Следующим шагом будет произведение художника, который, представляя собой целостную личность, выражая собой достаточно крепко стоящий на ногах класс, выбирает тему, обрабатывает фабулу, создает лица и положения, развертывает диалог совершенно свободно, так что перед нами как бы проходит сама жизнь в прекрасном, кристально-прозрачном отражении, но в то же время сознает, что всю эту работу он проделал не напрасно, что есть некоторое «ради чего», которое стоит за его романом, трагедией, поэмой и т. д. Такой писатель часто сознает себя даже учителем жизни и считает себя учителем тем более ловким, чем меньше просвечивает у него идейная целеустремленность, чем больше образы говорят сами за себя.

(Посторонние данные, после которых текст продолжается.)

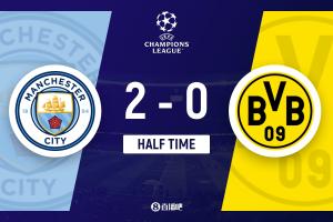 上半場(chǎng)補(bǔ)時(shí)2分鐘。半場(chǎng)戰(zhàn)罷,曼城2-0多特。

Этот прием, например, заставил Плеханова и Воровского считать «Войну и мир» Толстого — явно тенденциозный и полемический роман — за перл чистого искусства. Такой проницательный критик-революционер, как Воровский, проглядел даже полное отсутствие в многотомном романе, посвященном дворянству начала XIX века, картин крепостного права. А. Толстой элиминировал крепостное право сознательно, ибо его роман должен был быть апологией его класса. Если художник не обладает талантом Толстого или приблизительно таким дарованием, то ему не удастся овладеть темой таким образом, чтобы она вся целиком растворилась в живых образах. У него получатся осадки его идейного замысла. То в некоторых случаях мы видим искажение хода событий в угоду идейному замыслу, вмешивающемуся как посторонняя сила, то намерения писателя как публициста появляются в виде некоторого мутного осадка, то есть писатель вдруг начинает говорить сам от себя, сам проповедовать свои мысли читателю.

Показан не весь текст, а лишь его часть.